Sejumlah pengurus Bhayangkari bersama aparat TNI–Polri dan pemerintah kecamatan menyalurkan paket bantuan kepada warga. Di bulan puasa, solidaritas sosial kembali menemukan wajahnya yang paling sederhana: berbagi.


Penulis: Idris


Langkah Bhayangkari, Persit, dan PKK Citta Menyusuri Rumah-Rumah Sunyi

.

Pagi di Kecamatan Citta masih basah oleh embun ketika langkah-langkah itu mulai bergerak.

Jalan desa masih lengang.
Beberapa anak ayam berlarian di halaman rumah panggung.
Dari kejauhan, suara azan Subuh yang tadi menggema di masjid kampung seakan masih tersisa di udara.

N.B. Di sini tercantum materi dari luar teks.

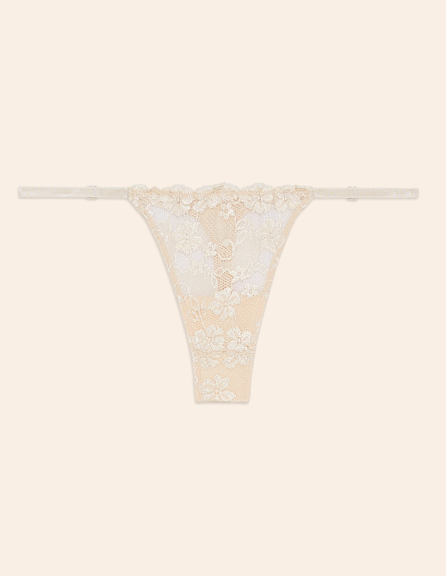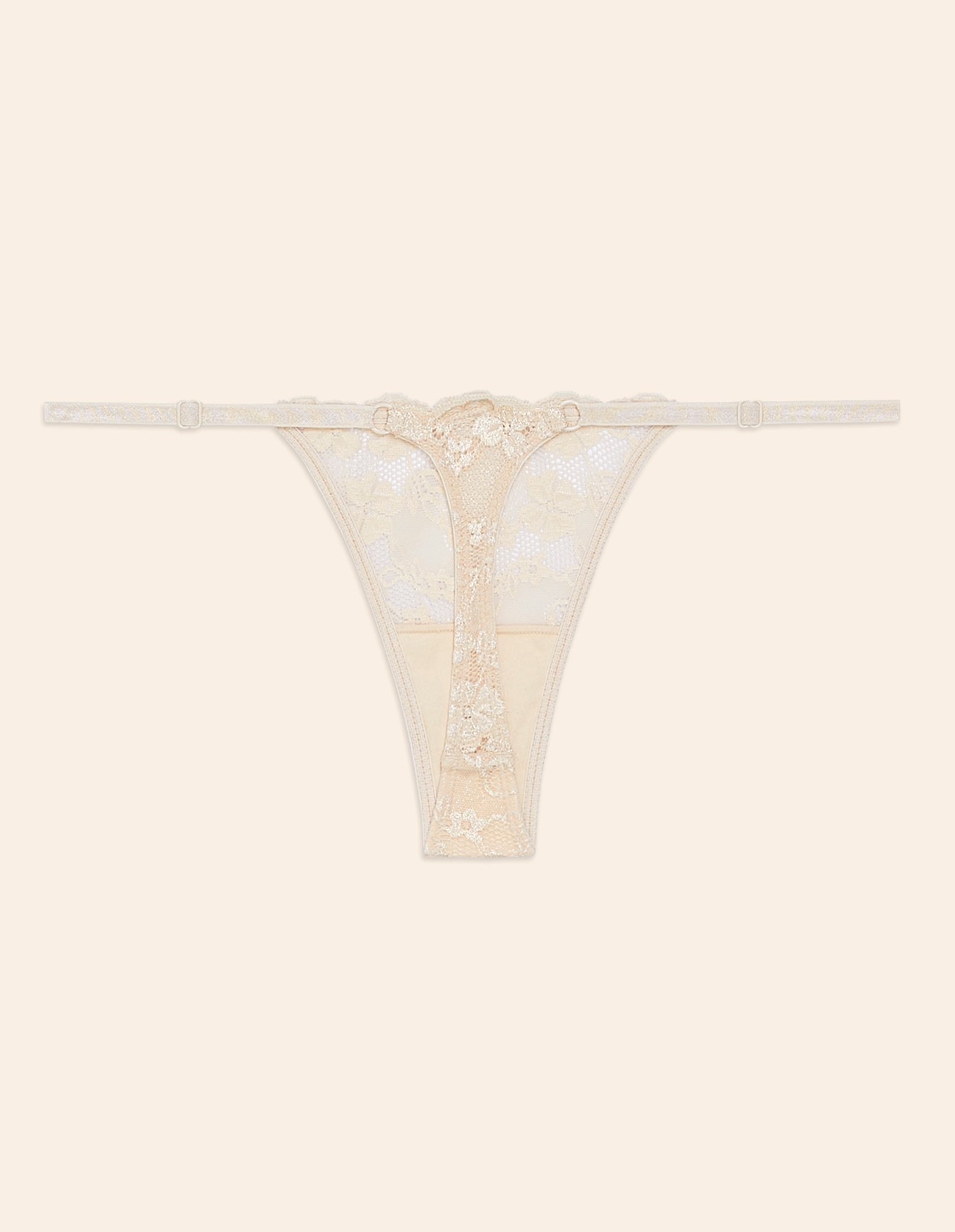 String échancré en dentelle brodée raffinée et tulle crème. Côtés ajustables pour un maintien parfait et un confort garanti. DENTELLE ENDUITE + MICROFIBRE, 90 % PA, 10 % EA.

Di tengah keheningan pagi itu, sekelompok perempuan berjalan menyusuri jalan tanah yang sempit.

Di tangan mereka ada kantong-kantong sembako.

Mereka tidak membawa spanduk.
Tidak pula iring-iringan kendaraan.

Hanya langkah yang pelan. Dan tujuan yang jelas.

Mengetuk pintu rumah warga.

Pagi itu, Senin, 9 Maret 2026, para perempuan dari Bhayangkari Polsubsektor Citta, Persit, dan Tim Penggerak PKK Kecamatan Citta memulai perjalanan kecil yang barangkali tidak akan tercatat dalam angka statistik pembangunan.

Tetapi bagi sebagian warga desa, perjalanan itu bisa berarti banyak.

Mereka menyusuri empat desa di wilayah Kecamatan Citta, Kabupaten Soppeng. Rumah demi rumah didatangi. Pintu demi pintu diketuk.

Sebanyak 23 paket sembako dibagikan kepada warga prasejahtera.

Isinya sederhana: beras, minyak goreng, gula, dan kebutuhan pokok lain.

Namun yang membuat perjalanan itu terasa berbeda bukanlah isi paketnya.

Melainkan cara ia diberikan.

Bukan di kantor desa.
Bukan dalam seremoni.
Melainkan langsung di depan pintu rumah warga.

Door to door.

Di sebuah rumah panggung yang catnya mulai pudar, seorang ibu tua membuka pintu perlahan. Wajahnya sempat terlihat bingung. Barangkali ia tidak menyangka ada tamu datang pagi-pagi.

Para perempuan itu menyapanya dengan senyum.

Percakapan pendek terjadi.
Beberapa kalimat sederhana.
Tetapi cukup untuk membuat suasana rumah yang sunyi menjadi hangat.

Ibu tua itu menerima paket sembako dengan tangan yang sedikit gemetar.

“Terima kasih, Nak,” katanya pelan.

Ramadan memang sering dipenuhi ceramah tentang keutamaan berbagi.

Tetapi di desa-desa kecil seperti Citta, makna berbagi sering kali justru hadir dalam bentuk yang paling sederhana: seseorang datang mengetuk pintu rumahmu dan bertanya apakah kau baik-baik saja.

Kapolres Soppeng, AKBP Aditya Pradana, S.I.K., M.I.K., memberikan apresiasi terhadap kegiatan kolaboratif para organisasi perempuan tersebut.

Menurutnya, langkah yang dilakukan Bhayangkari, Persit, dan PKK itu bukan sekadar kegiatan sosial rutin.

Ia adalah wujud kepedulian yang nyata.

“Ini mencerminkan semangat kebersamaan dan kepedulian terhadap masyarakat, terutama di bulan penuh berkah seperti Ramadan,” ujarnya.

Di balik kegiatan sederhana itu, ada pesan yang lebih dalam.

Bahwa kepedulian sosial tidak selalu harus lahir dari program besar. Ia bisa muncul dari inisiatif kecil yang dilakukan dengan hati.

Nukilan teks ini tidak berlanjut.